**Available data**
++++++++++

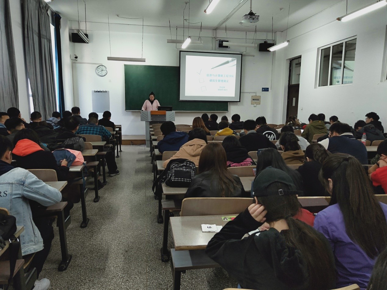 随后李老师向学生介绍了信息学院研究生管理规定。首先明确学生应该做到定期向导师进行学术汇报,然后对管理规定进行了进一步的介绍:学校研究生的奖励暂行办法、请销假制度、考试作弊处罚条款等相关内容。通过学院规章制度的具体介绍,让学生明确信息学院研究生管理的有关规定,进一步合理安排学习生活。
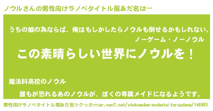 | 女子向けラノベタイトル風あだ名 | 『悪役ノウルに転生したようですが、知った事ではありません』 |
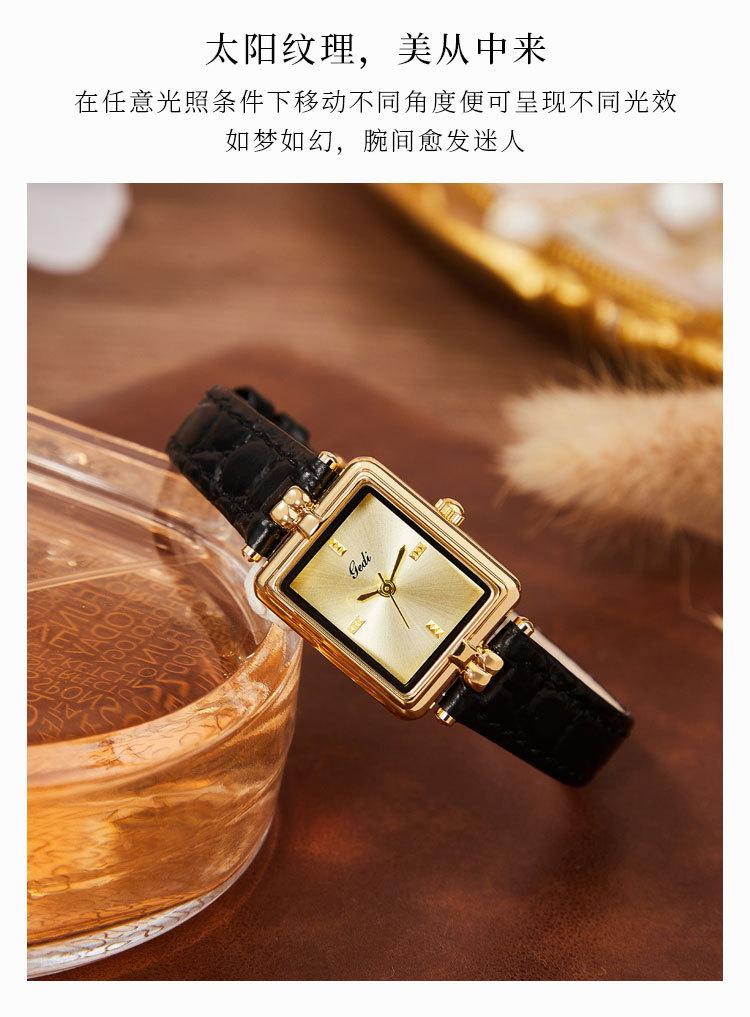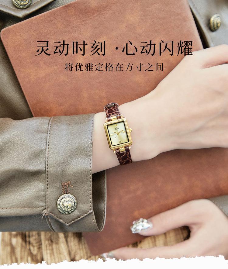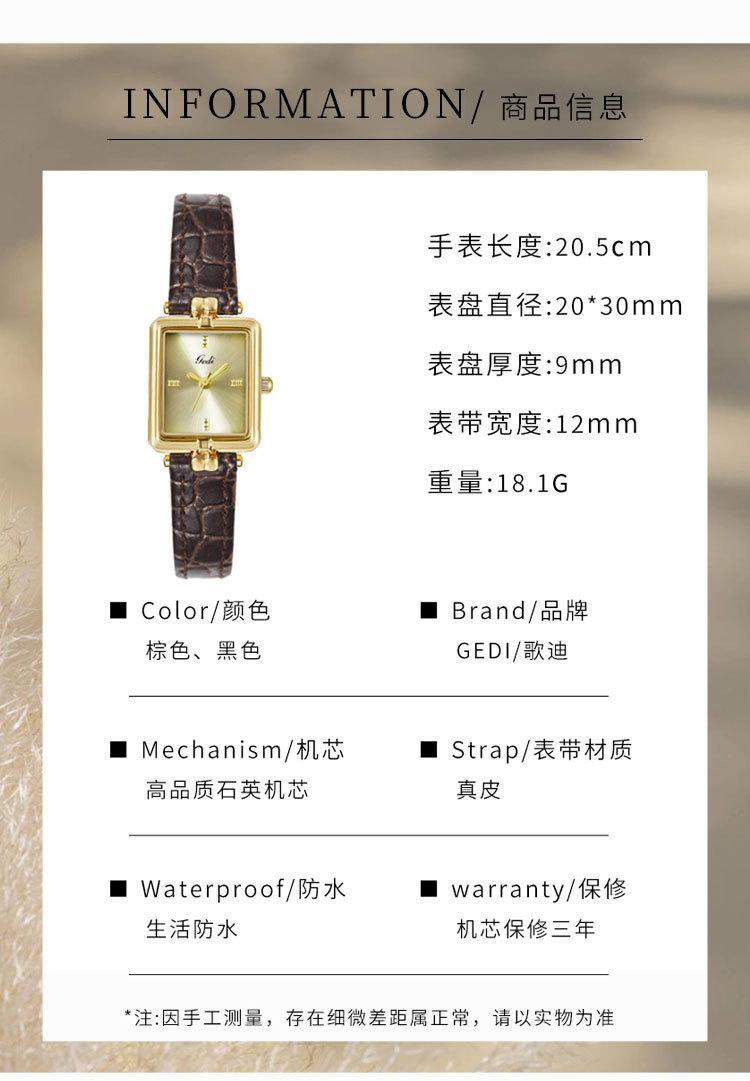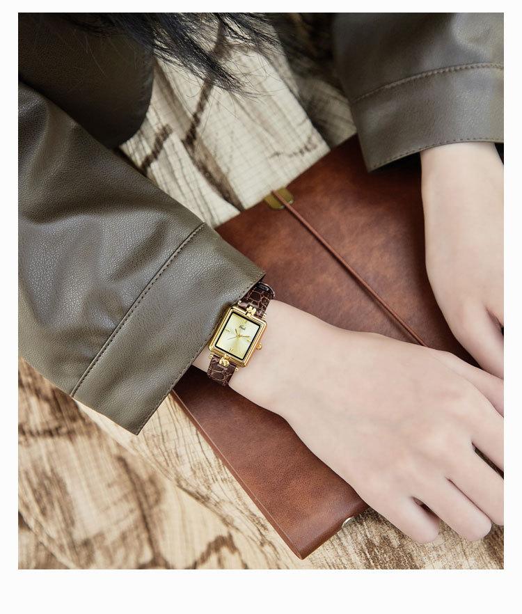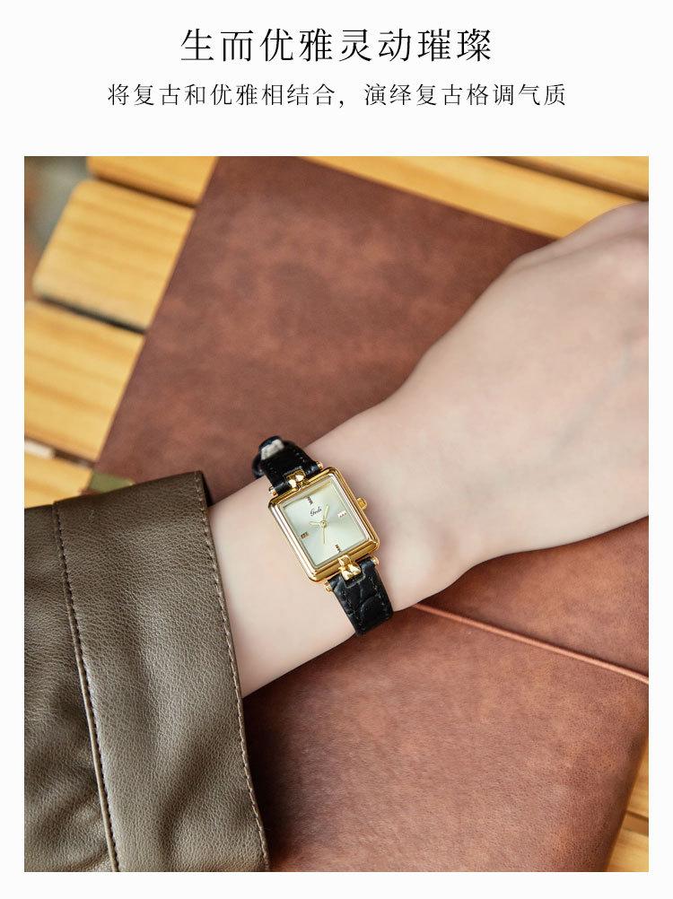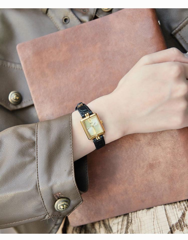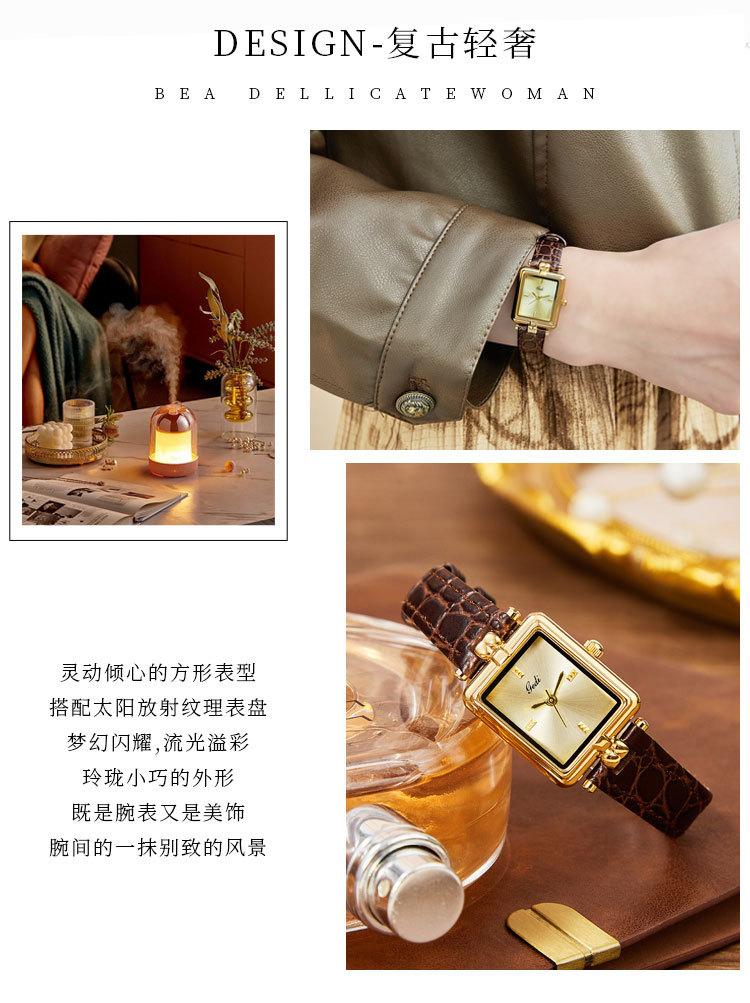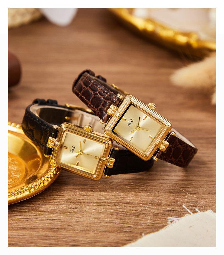 Relógio de pulso feminino Goldie Middle Ancient High-class Nicho Gold Square Plate à prova d'água Relógio de pulso feminino de couro de quartzo
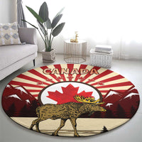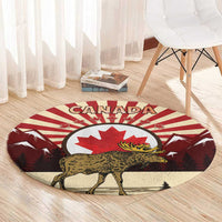 Canada Maple Leaf Round Carpet Moose And Forest Retro Style
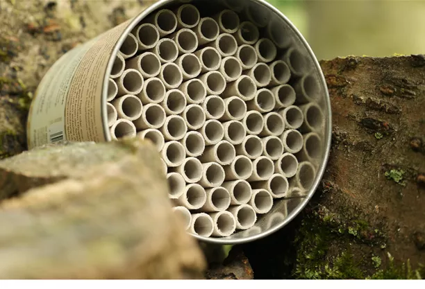 Als Alternative zu hohlen Naturstängeln können übrigens auch Pappröhrchen, wie z. B. Papierstrohhalme verwendet werden. Ein gutes Beispiel dafür ist das Wildbienenhaus von Neudorff, welches wir bei uns im Handel führen. Es hat in Tests eine hervorragende Besiedlungsquote. Noch wichtiger als bei anderen Nisthilfen ist bei den Pappröhrchen ein geschützter Standort für das Wildbienenhaus, sodass sie bei Regen nicht aufweichen.Coole Alternativen: Welche Stängel eignen sich noch?
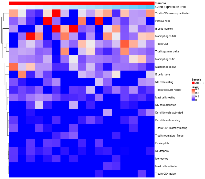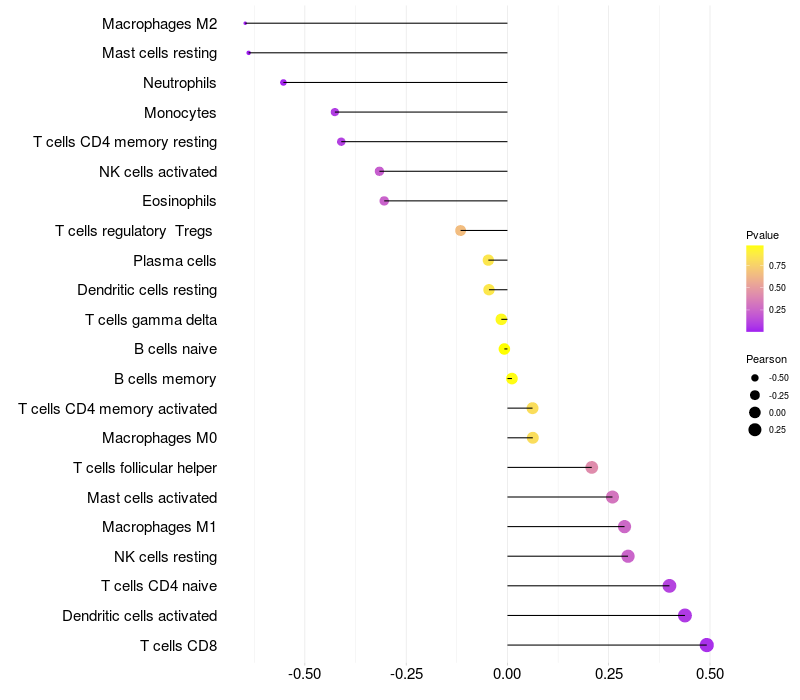 Relationship between gene expression and immune infiltrating cell level
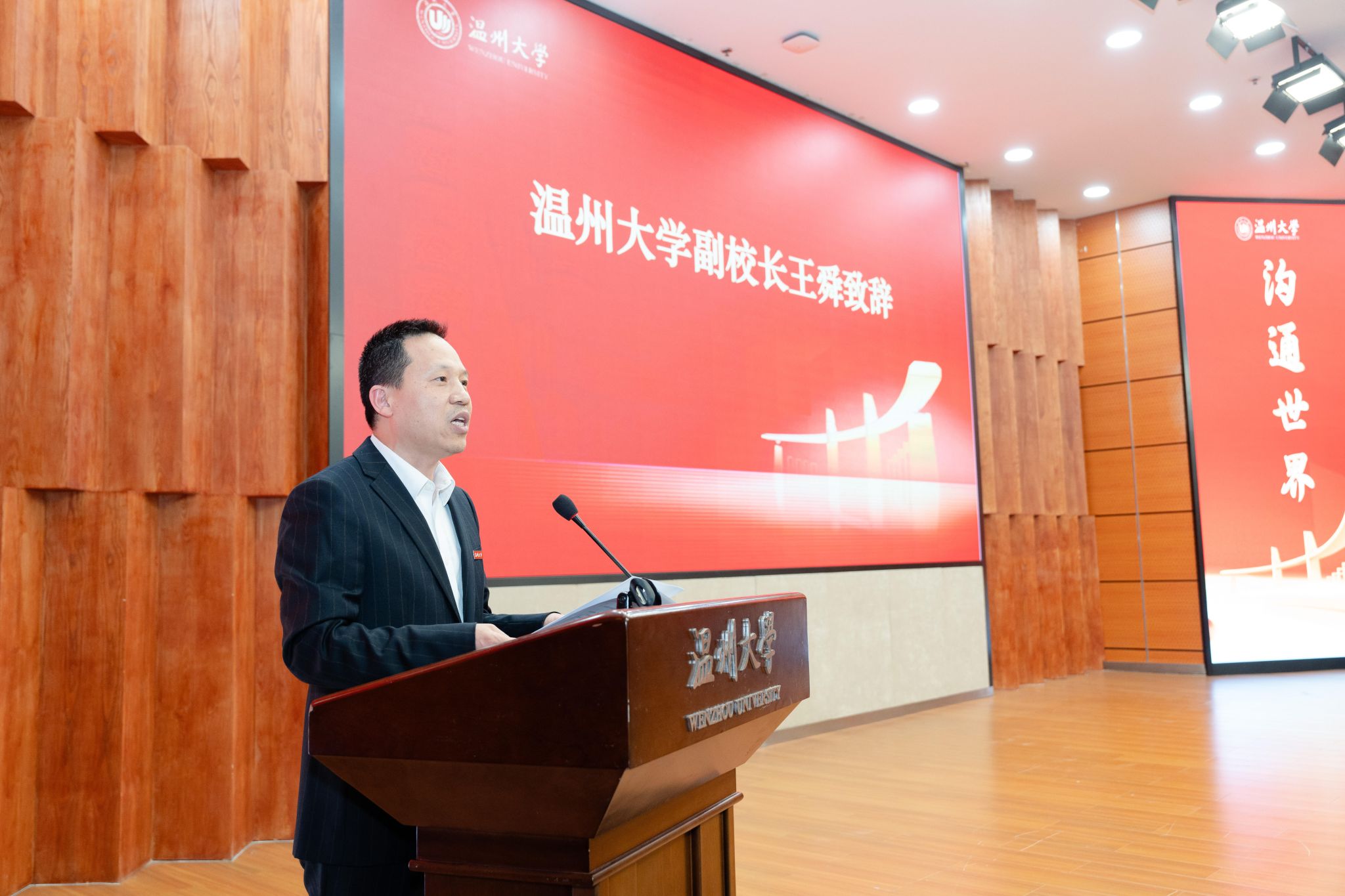 (图为:温州大学党委委员、副校长王舜致辞)

++++++++++

**Task objective**
Exactly the lines above from the one that contains "Relógio de pulso feminino Goldie" down to the one that contains "Canada Maple Leaf" are to be output, both ends kept and pictures omitted.

**Written solution**
 Relógio de pulso feminino Goldie Middle Ancient High-class Nicho Gold Square Plate à prova d'água Relógio de pulso feminino de couro de quartzo
 Canada Maple Leaf Round Carpet Moose And Forest Retro Style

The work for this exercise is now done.